*What the exercise asks*
Take the line containing "- Jones, P.;" and every line after it in the data below, and print them exactly as given, with nothing else.

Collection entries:
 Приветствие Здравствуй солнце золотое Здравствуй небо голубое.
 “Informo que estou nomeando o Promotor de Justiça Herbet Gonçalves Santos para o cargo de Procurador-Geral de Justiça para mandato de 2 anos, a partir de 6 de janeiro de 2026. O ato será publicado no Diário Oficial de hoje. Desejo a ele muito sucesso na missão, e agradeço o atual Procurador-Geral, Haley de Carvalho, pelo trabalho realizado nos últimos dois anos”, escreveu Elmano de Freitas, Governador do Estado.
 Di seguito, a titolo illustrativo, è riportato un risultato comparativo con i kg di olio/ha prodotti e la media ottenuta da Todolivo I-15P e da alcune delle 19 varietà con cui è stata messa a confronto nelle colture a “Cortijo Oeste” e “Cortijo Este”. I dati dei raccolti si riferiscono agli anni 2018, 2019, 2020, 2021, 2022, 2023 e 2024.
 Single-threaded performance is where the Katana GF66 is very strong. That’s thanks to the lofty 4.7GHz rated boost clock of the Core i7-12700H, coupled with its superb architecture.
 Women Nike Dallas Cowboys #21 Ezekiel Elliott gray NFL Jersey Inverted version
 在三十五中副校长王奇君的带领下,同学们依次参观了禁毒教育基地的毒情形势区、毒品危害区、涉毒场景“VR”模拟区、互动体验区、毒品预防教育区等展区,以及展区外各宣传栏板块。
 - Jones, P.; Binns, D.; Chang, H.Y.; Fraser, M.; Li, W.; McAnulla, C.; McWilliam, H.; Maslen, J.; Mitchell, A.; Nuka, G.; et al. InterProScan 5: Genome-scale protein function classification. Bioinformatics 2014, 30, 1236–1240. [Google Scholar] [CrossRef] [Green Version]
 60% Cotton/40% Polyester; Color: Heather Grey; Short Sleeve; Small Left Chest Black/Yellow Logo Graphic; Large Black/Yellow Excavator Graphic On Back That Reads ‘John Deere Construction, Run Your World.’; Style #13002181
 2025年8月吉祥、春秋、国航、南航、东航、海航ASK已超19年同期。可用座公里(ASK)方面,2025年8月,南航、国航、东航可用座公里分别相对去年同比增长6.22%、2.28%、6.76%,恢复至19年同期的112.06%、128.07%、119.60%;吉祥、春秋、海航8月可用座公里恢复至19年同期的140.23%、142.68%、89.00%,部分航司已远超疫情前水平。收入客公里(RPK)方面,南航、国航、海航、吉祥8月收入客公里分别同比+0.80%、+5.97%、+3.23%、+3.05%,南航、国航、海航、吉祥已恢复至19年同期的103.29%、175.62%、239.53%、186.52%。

*Answer space*
 - Jones, P.; Binns, D.; Chang, H.Y.; Fraser, M.; Li, W.; McAnulla, C.; McWilliam, H.; Maslen, J.; Mitchell, A.; Nuka, G.; et al. InterProScan 5: Genome-scale protein function classification. Bioinformatics 2014, 30, 1236–1240. [Google Scholar] [CrossRef] [Green Version]
 60% Cotton/40% Polyester; Color: Heather Grey; Short Sleeve; Small Left Chest Black/Yellow Logo Graphic; Large Black/Yellow Excavator Graphic On Back That Reads ‘John Deere Construction, Run Your World.’; Style #13002181
 2025年8月吉祥、春秋、国航、南航、东航、海航ASK已超19年同期。可用座公里(ASK)方面,2025年8月,南航、国航、东航可用座公里分别相对去年同比增长6.22%、2.28%、6.76%,恢复至19年同期的112.06%、128.07%、119.60%;吉祥、春秋、海航8月可用座公里恢复至19年同期的140.23%、142.68%、89.00%,部分航司已远超疫情前水平。收入客公里(RPK)方面,南航、国航、海航、吉祥8月收入客公里分别同比+0.80%、+5.97%、+3.23%、+3.05%,南航、国航、海航、吉祥已恢复至19年同期的103.29%、175.62%、239.53%、186.52%。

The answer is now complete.